3d harmonic oscillator, probability m=0

[Ziggy12]

Homework Statement

The problem asked me to derive an expression for the stationary wave function of the 3d harmonic oscillator which I have done. It then tells me a particle is in the stationary state $$\psi_{n_x,n_y,n_z}(x,y,z)=\psi_{100}(x,y,z)$$
and to express this in spherical coordinates. (This is I have done too)
The question is, what is the probability that a measurement of the quantum number m, will return the value m=0?

Homework Equations

$$\psi_{1,0,0}(x,y,z)=
\left(\frac{m\omega}{\pi \hbar}\right)^{3/4}\sqrt{\frac{2m\omega}{\hbar}}xe^{-\frac{m\omega}{2\hbar}(x^2+y^2+z^2)}
$$

$$\psi(r,\theta,\phi)=
\left(\frac{m\omega}{\pi \hbar}\right)^{3/4}\sqrt{\frac{2m\omega}{\hbar}}r\sin(\theta)\cos(\phi)e^{-\frac{m\omega}{2\hbar}(r^2)}$$(What I have derived)

The Attempt at a Solution

I'm not sure how this quantum number $$m$$ is related to $$n_x,n_y,n_z$$ and have no idea how to find this probability. The probability to find a particle in a particuliar state is usually given by the constants $$|c_n|^2$$.
Is that what am I supposed to calculate?Regards
Thomas

 

[Dr. Courtney]

You have a 3D problem, but only a 1D relevant equation.

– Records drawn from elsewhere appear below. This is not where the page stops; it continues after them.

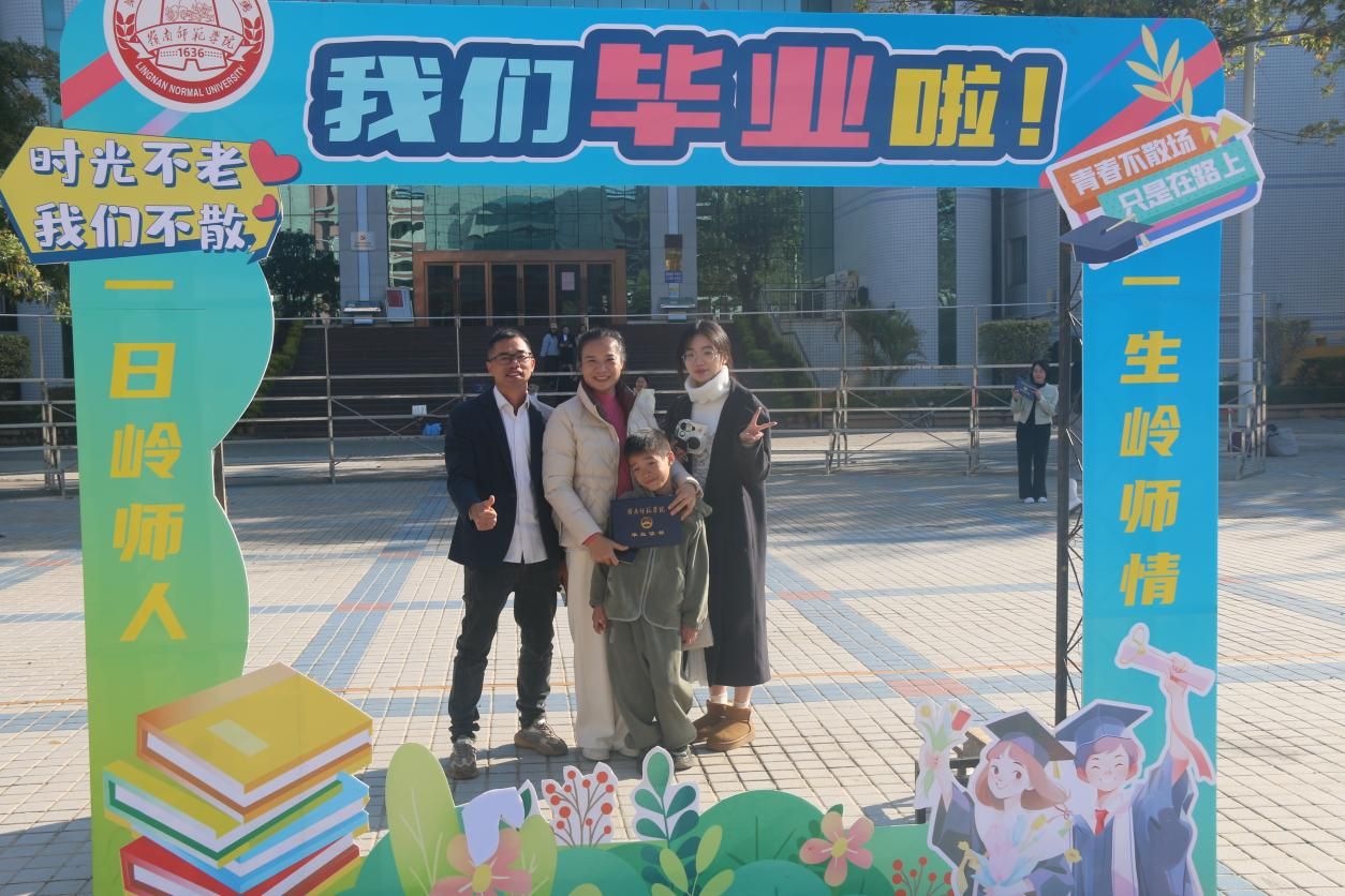 吴涛为毕业生代表颁发毕业证书,随后全体人员起立同唱校歌《师道之光》。在满怀激情的校歌声下,毕业生们纷纷走向学校专门设置的打卡点处合影留念,留下最美好的奋斗印记。
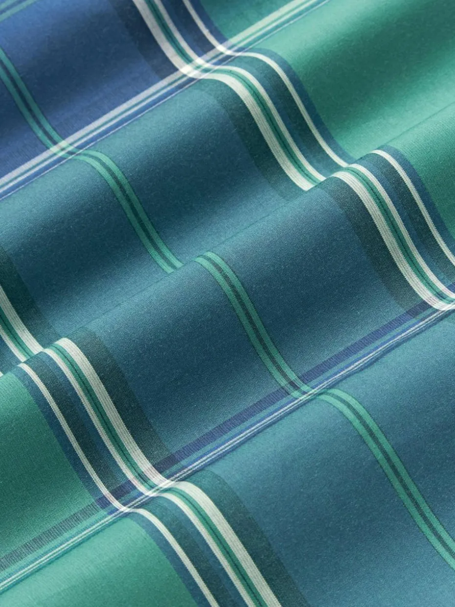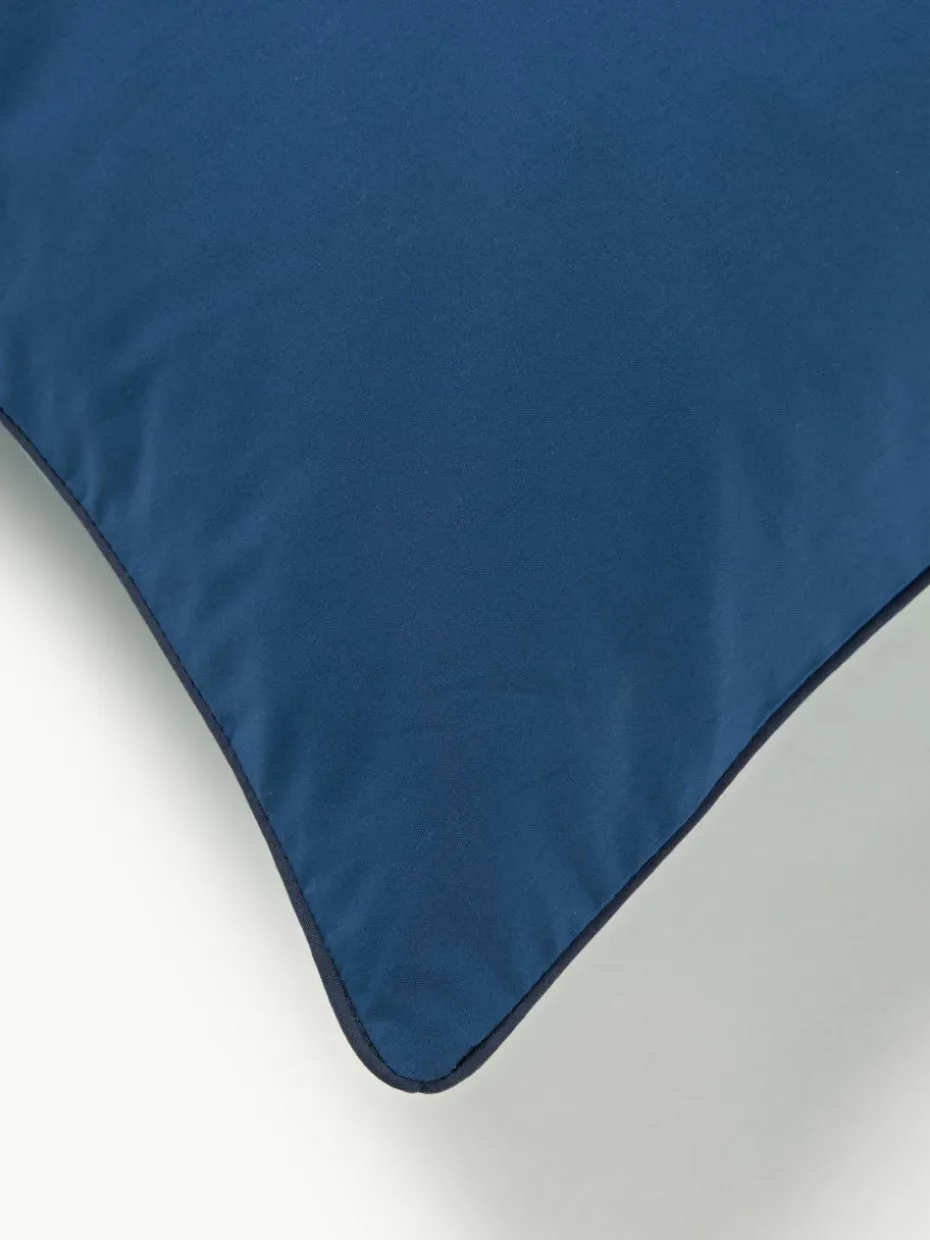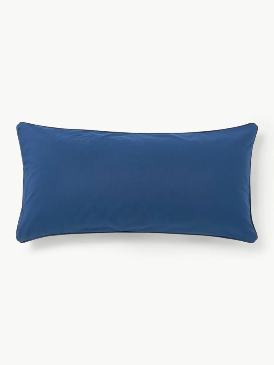 Der Baumwollperkal-Kopfkissenbezug mit karierter Vorderseite und unifarbener Rückseite verfügt über einen Knopfverschluss und wurde in Portugal gefertigt.
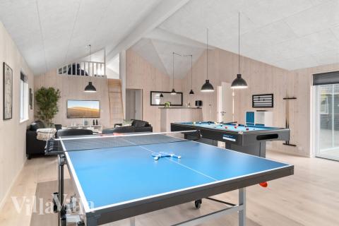 Aber nicht nur beim Kochen kann man gemeinsam viele schöne Stunden miteinander verbringen, auch der Aktivitätsraum des Luxusferienhauses hat viel zu bieten: von Tischfußball, Billard und Tischtennis bis hin zu Darts. An der eingebauten Bar kann man sich eine Pause vom spielerischen Wettkampf gönnen oder dem Spielgeschehen zuschauen. Neben sportlichen Aktivitäten bietet dieser Raum auch eine Sofaecke, in der man es sich wunderbar mit der PlayStation oder bei einem guten Buch gemütlich machen kann.

If m is the quantum number related to orbital angular momentum (or a component of it), then you probably need to approach the problem in an appropriate coordinate system (most likely spherical).

Somewhere along the way, the potential and the Hamiltonian and the Schrodinger equation will also be relevant.

 

[Ziggy12]

Thanks for your answer.
Yes sorry, it seems I forgot the y and z components. It supposed to be
$$\psi_{1,0,0}(x,y,z)=
\left(\frac{m\omega}{\pi \hbar}\right)^{3/4}\sqrt{\frac{2m\omega}{\hbar}}xe^{-\frac{m\omega}{2\hbar}(x^2+y^2+z^2)}
$$

And the energy levels are:
$$E_{n_x,n_y,n_z}=\left(n_x+\frac12\right)\hbar\omega+\left(n_y+\frac12\right)\hbar\omega+\left(n_z+\frac12\right)\hbar\omega$$

Yes I changed to spherical coordinates, but I don't know what I'm supposed to do with it.
In spherical coordinates we get:
$$\psi(r,\theta,\phi)=
\left(\frac{m\omega}{\pi \hbar}\right)^{3/4}\sqrt{\frac{2m\omega}{\hbar}}r\sin(\theta)\cos(\phi)e^{-\frac{m\omega}{2\hbar}(r^2)}$$

 

[Ziggy12]

If the magnetic quantum number m=0, then the obital quantum number l is also zero. This can only happens in the ground state. Correct me if I'm wrong.
So basically it asks me what the probability of this state to spontaneously jump off from this state to the ground state?
But if I know that the particle in the given state, then another measurement should return me the same value. This means the probability is zero?

 

[Dr. Courtney]

I was expecting spherical harmonics with the corresponding quantum numbers.

 

[Ziggy12]

Well I don't know those, that's the point. I don't know how $$n_x,n_y,n_z$$ relates to the quantum numbers $$n,m,l$$

 

[blue_leaf77]

Look at the table at the bottom of this link http://quantummechanics.ucsd.edu/ph130a/130_notes/node244.html
There you can see how you should expect the state in Cartesian representation should expand to in the spherical representation in each subspace specified by each energy level. It's then a simple matter to calculate the expansion coefficient since you also have found the expression of the $100$ state in spherical coordinate.